:: AVAILABLE DATA
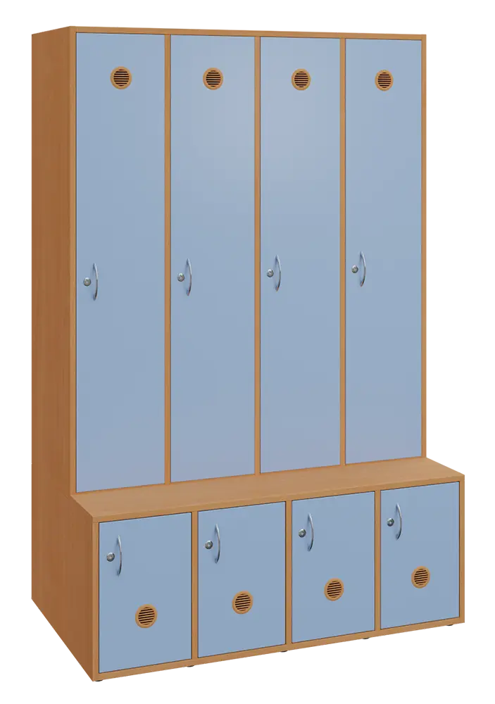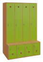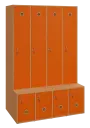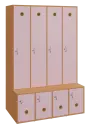 celolaminové šatní skříně, část na šaty a boty je samostatná, zároveň botník je předsazen a lze ho využít i na odkládání věci či jako šatní lavičku
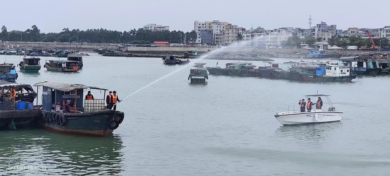 年关将至,渔船失火、商渔船碰撞等影响安全形势稳定的风险增大,各类风险交织叠加。为了做好2023年岁末年初期间渔船安全监管工作,针对渔船有限空间可能会发生的安全隐患,遂溪县海洋综合执法大队联合草潭镇人民政府于2023年1月18日下午15时在草潭渔港开展消防安全演练,现场使用消防船、消防船、消防栓等消防设备模拟渔港内渔船起火后快速到达事故现场组织施救,扑灭大火。随后,遂溪县海洋综合执法大队执法人员在草潭内开展渔船安全生产检查工作,对停泊在港内的大中型渔船的消防设备、船内的电路、船内燃气设备等消防安全隐患开展检查,尚未发现重大的安全隐患。
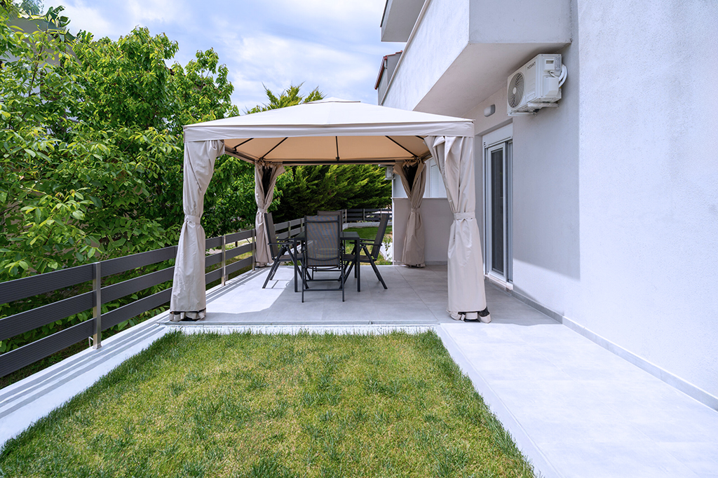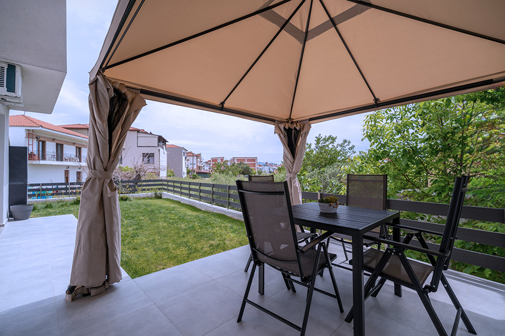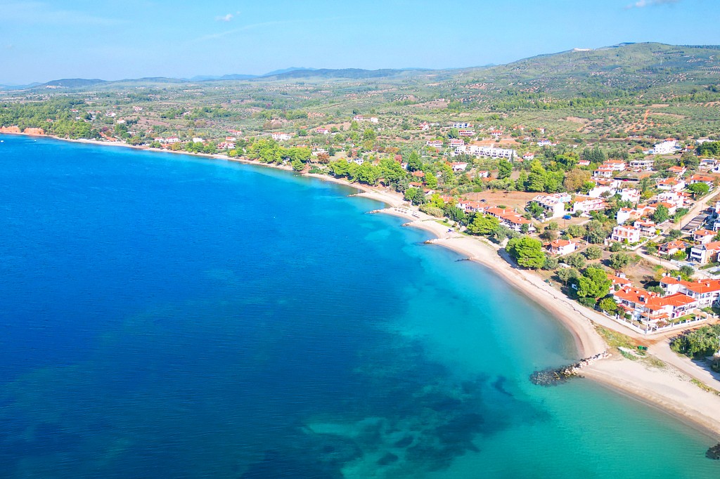 The beach in Nikiti sandy, ideal for relaxing and swimming.
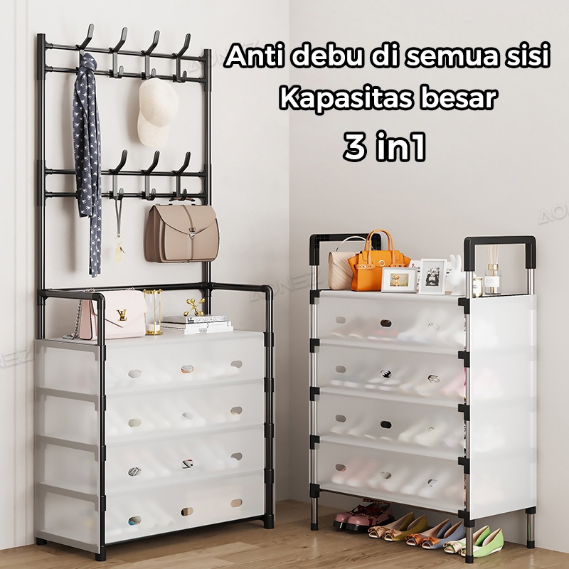 Homes Rak Sepatu Tertutup Anti Debu Rak Sepatu 5/6 Susun Rak Gantung Tas Topi Besi Rak Sepatu Aesthetic Rak Sendal Dan S
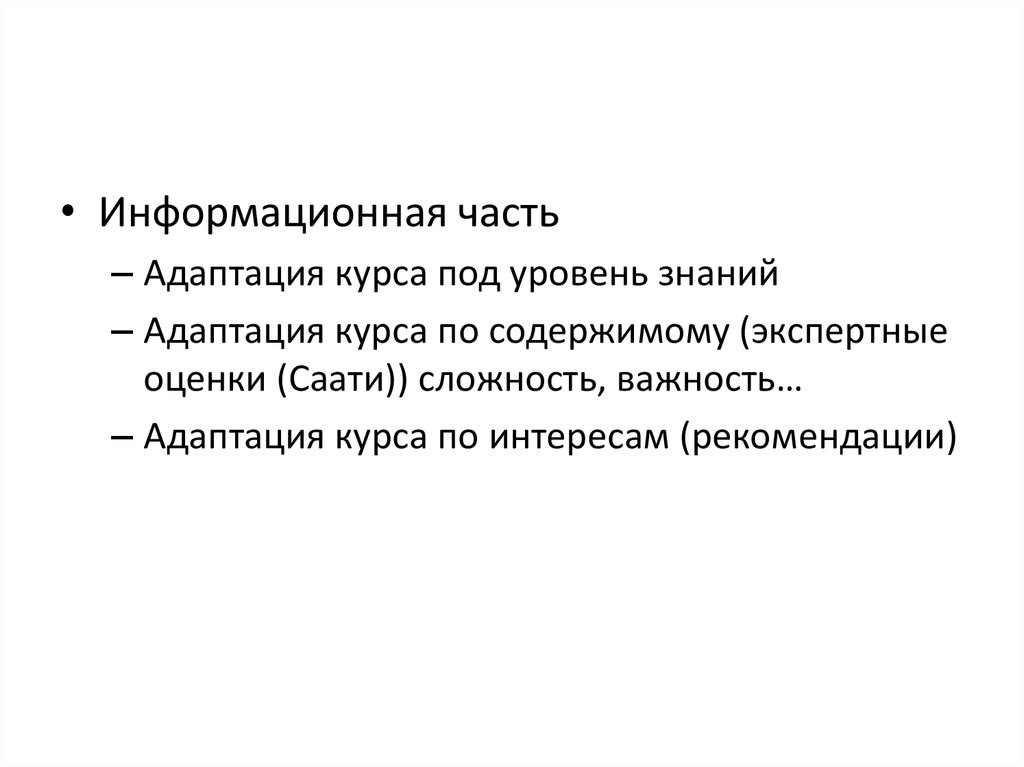 – Адаптация курса по содержимому (экспертные
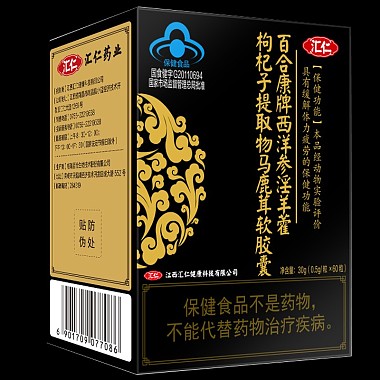 汇仁百合康牌西洋参淫羊藿枸杞子提取物马鹿茸软胶囊0.5g*60粒 0.5g*60粒 威海百合生物技术股份有限公司
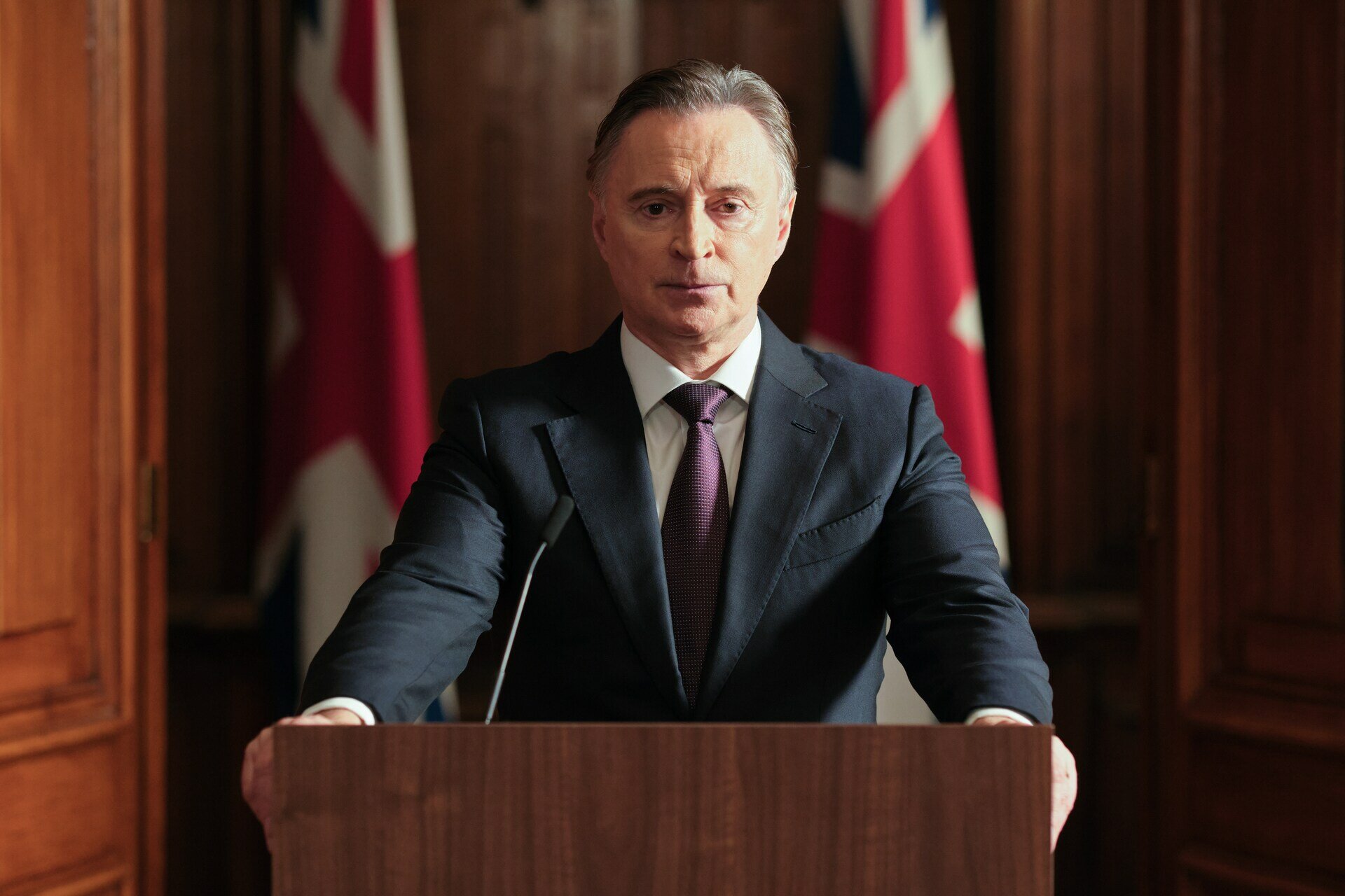 Мужчина в костюме и галстуке стоит за трибуной с микрофонами в официальном зале с флагами на фоне.
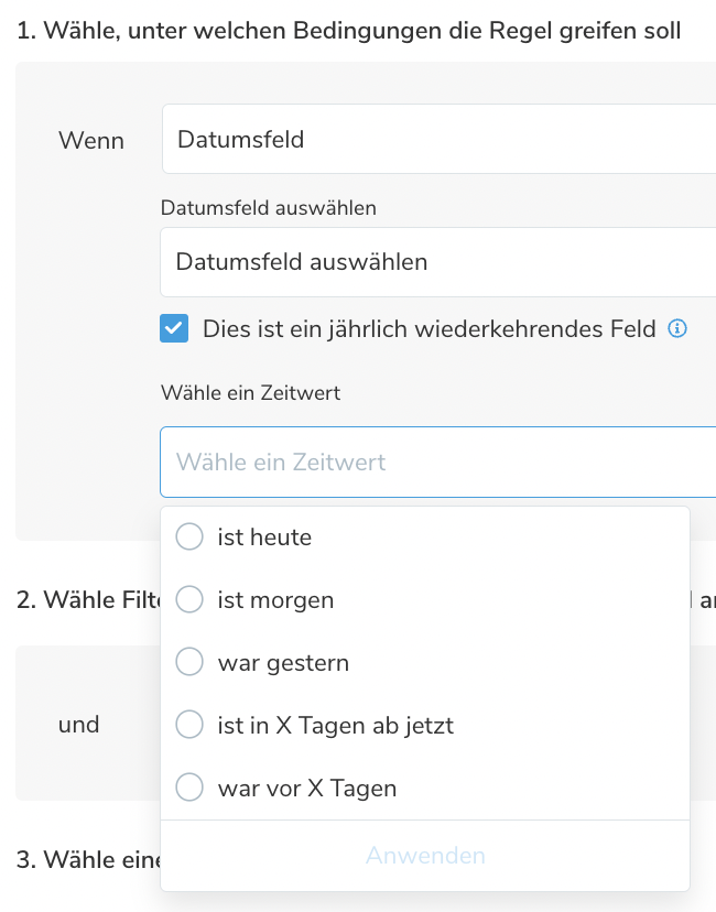 Der letzte Schritt besteht darin, festzulegen, WANN die Aktion ausgelöst werden soll. Es gibt hier verschiedene Option. Zum Beispiel, am selben Tag (heute), einen Tag vor dem Datum (Morgen) oder x X Tage davor oder nach dem Datum.
::::
• PROBLEM DESCRIPTION: Copy the lines above exactly, starting with the line that contains "Homes Rak Sepatu" and ending with the line that contains "Мужчина в костюме", and leave out any pictures.

• EXPECTED ANSWER:
 Homes Rak Sepatu Tertutup Anti Debu Rak Sepatu 5/6 Susun Rak Gantung Tas Topi Besi Rak Sepatu Aesthetic Rak Sendal Dan S
 – Адаптация курса по содержимому (экспертные
 汇仁百合康牌西洋参淫羊藿枸杞子提取物马鹿茸软胶囊0.5g*60粒 0.5g*60粒 威海百合生物技术股份有限公司
 Мужчина в костюме и галстуке стоит за трибуной с микрофонами в официальном зале с флагами на фоне.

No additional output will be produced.